> [HOW TO COMPLETE THIS TASK]: Only the lines from the one with "Освежитель воздуха Grass" through the last line of the data below are to be duplicated, exactly and without pictures.
Top of RECORDS FOR THIS EXERCISE
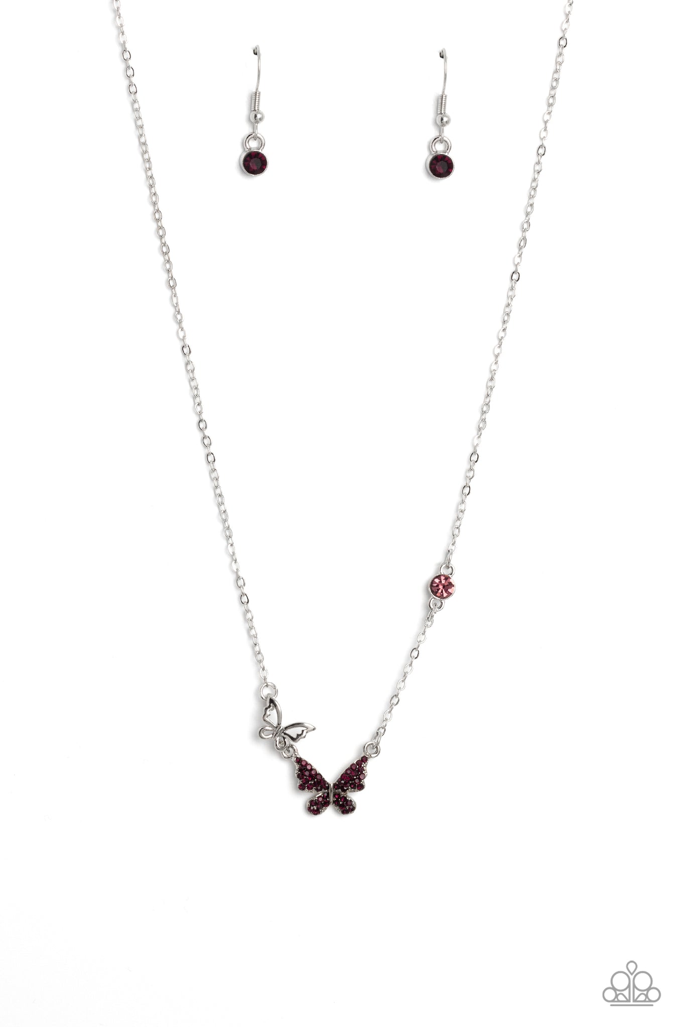 A silver butterfly, dotted in dainty amethyst rhinestones, hangs from the bottom of a dainty silver chain. A smaller, airy silver butterfly appears to be in mid-flight as it's tilted to its side and begins to climb up the dainty chain, next to the amethyst-dotted butterfly. A light amethyst rhinestone is infused on the other side of the purple butterfly, further climbing up the chain, providing a whimsical finishing touch to the lighthearted design. Features an adjustable clasp closure.
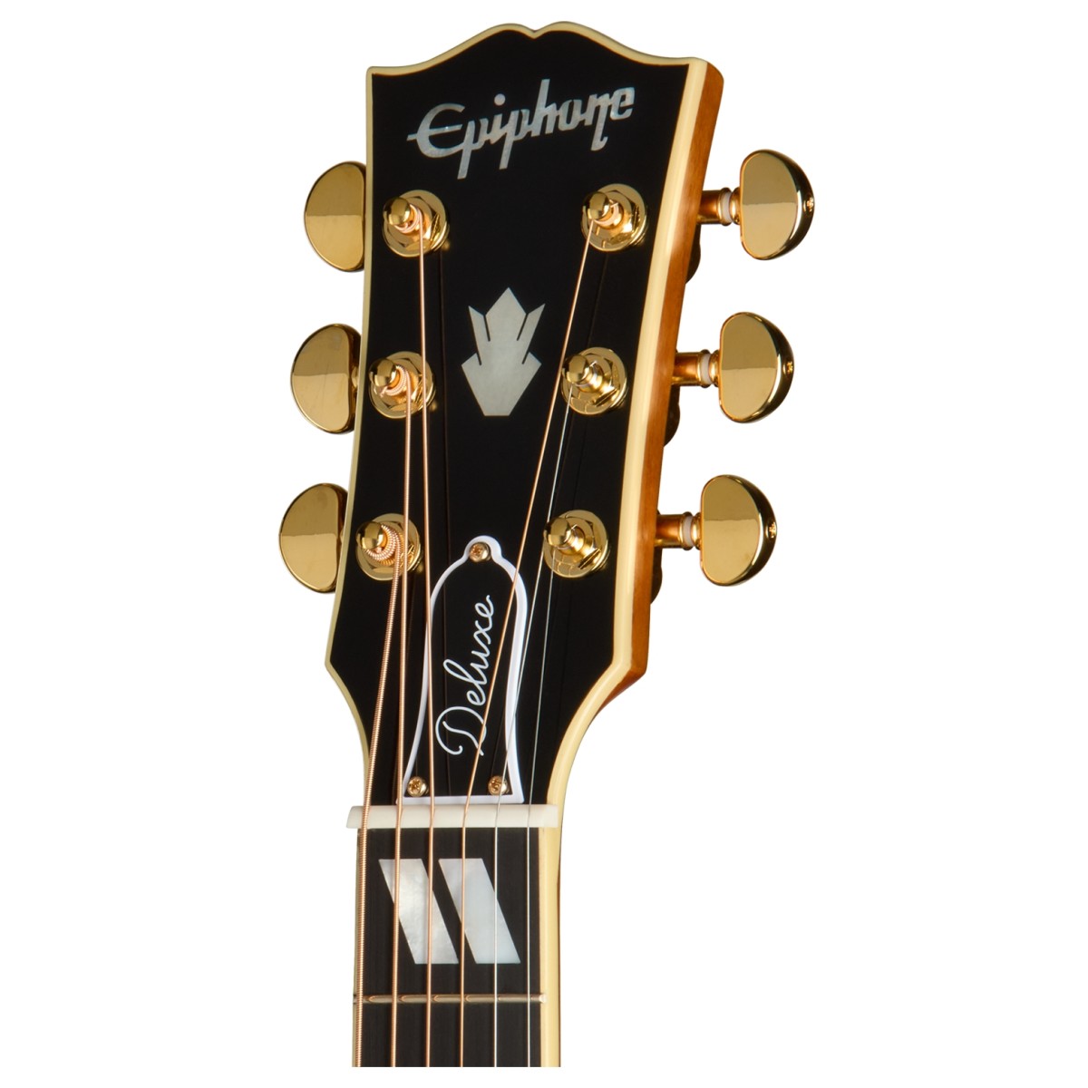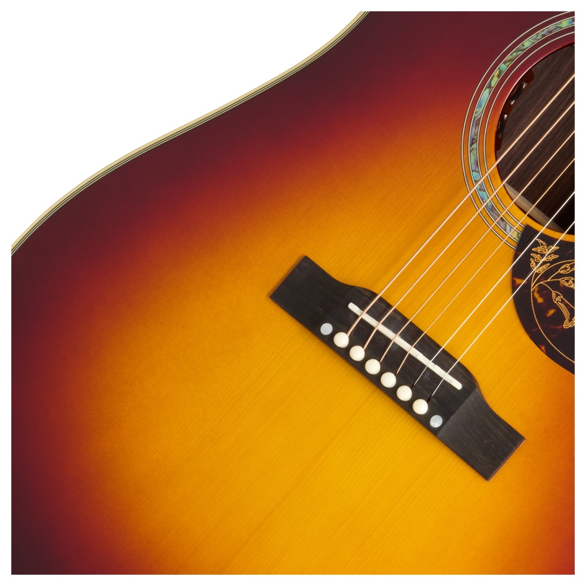 Elegant touches include mother-of-pearl split parallelogram inlays, a gold-etched Hummingbird pickguard, and gold Grover tuners on a classic Gibson-style headstock. The onboard L.R. Baggs VTC Bronze pickup ensures a clear, natural tone when plugged in, while the included Epiphone Protector Ultralite case provides lightweight yet durable protection for travel and storage.
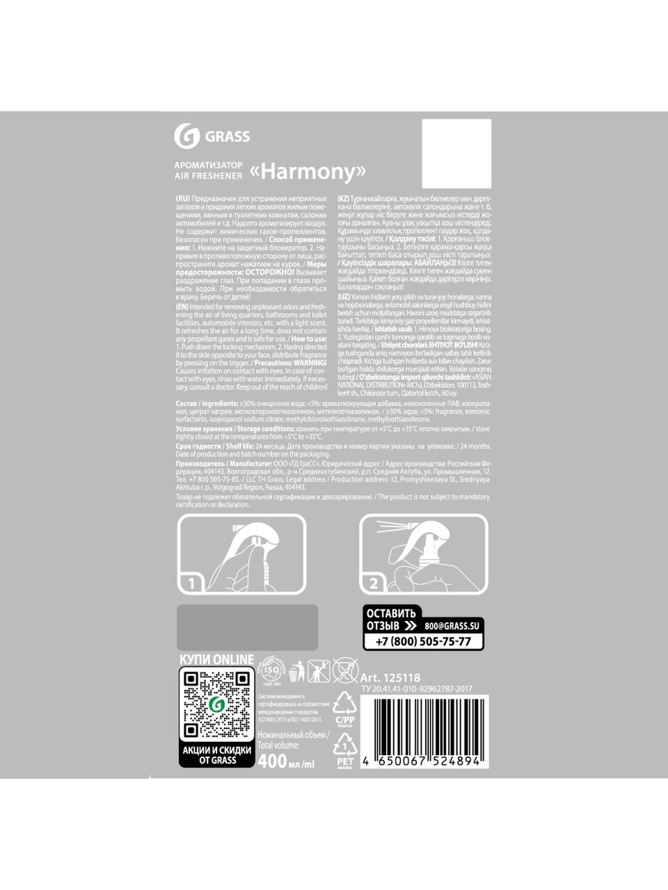 Освежитель воздуха Grass Harmony Луговые цветы 400 мл — быстрое устранение неприятных запахов и лёгкий аромат свежести для вашего дома или офиса.
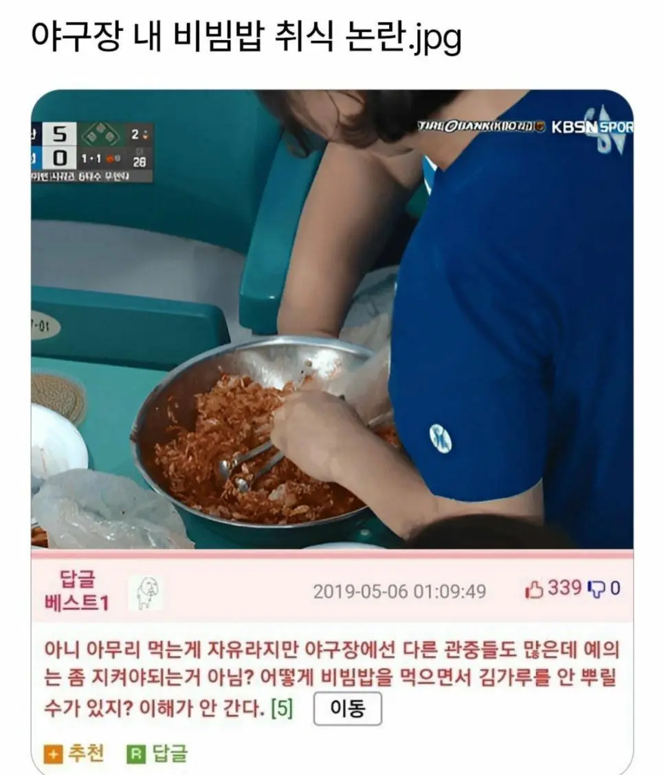 야구장 내 취식 논란
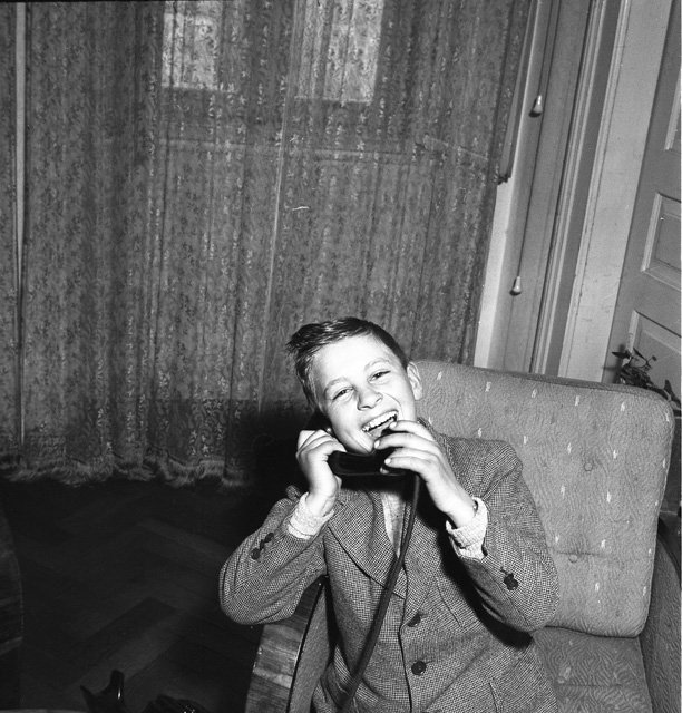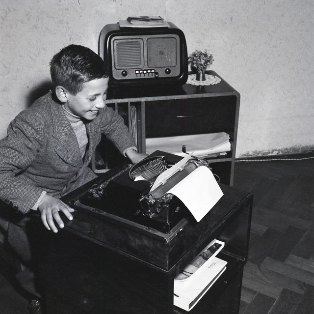 Fanciullo che telefona, fotografa, scrive a macchina e ascolta la radio
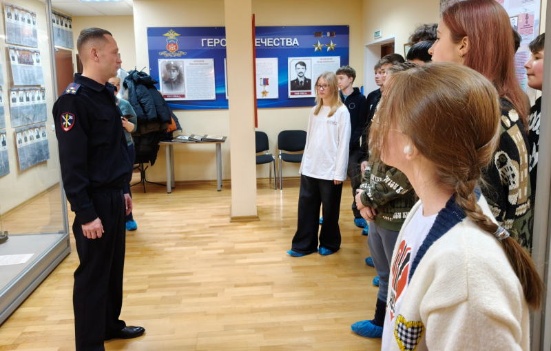 Экскурсовод Инна Викторовна Олехова погрузила ребят в вековую историю ведомства, но особый акцент сделала на сегодняшнем дне — 12 февраля.
Bottom of RECORDS FOR THIS EXERCISE
> [RESULT OF THIS EXERCISE]:
 Освежитель воздуха Grass Harmony Луговые цветы 400 мл — быстрое устранение неприятных запахов и лёгкий аромат свежести для вашего дома или офиса.
 야구장 내 취식 논란
 Fanciullo che telefona, fotografa, scrive a macchina e ascolta la radio
 Экскурсовод Инна Викторовна Олехова погрузила ребят в вековую историю ведомства, но особый акцент сделала на сегодняшнем дне — 12 февраля.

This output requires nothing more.